Each month, Lowell-based licensed counselor Joe Martino shares tips and advice regarding how to overcome obstacles and live better.


We’re one month into 2023, and it’s been an exciting year. It seems like we’ve heard a lot of bad news related to things like shootings in GR, the rising costs of necessities, etc.

Amid onslaughts like that, we can often be tempted to focus on avoiding the things that bring us distress or sickness. We can often be tempted to fixate on the things we need to avoid. This makes sense at many levels, yet it is woefully inadequate for us to truly live an entire life. To live a whole life, we must look at the things that help us come alive.

What are the things that help us to live our lives the most fully? What can we do today that will help us increase our chances of a more full and active life in our later years? Do we have any information on what we can do to help our future selves?

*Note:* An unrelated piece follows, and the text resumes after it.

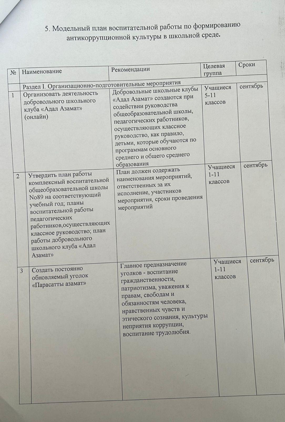 08 қыркүйек 2025 0 1 2 3 4 5 Программа формирования антикоррупционной культуры в школьной среде в контексте духовно-нравственного и гражданско-патриотического воспитания

These are questions that many of us ponder at different times in our lives. I have a milestone birthday coming up quickly, so I have been considering them and variations for a while now.

Recently, I came across an article in the Wall Street Journal that discussed these issues. The article cites a book, which I have since read. The book, entitled The Good Life, is written by two Harvard professors, the fourth directors of the world’s most extensive longitudinal study on how humans age in a healthy way. It’s full of exciting and helpful information. There is one piece of information that I found to be most interesting.

The best predictor of health and happiness at age 80 is satisfaction in relationships at age 50. The more satisfied people were with their relationships leading up to age 50, the more likely they were to be healthy and happy at age 80.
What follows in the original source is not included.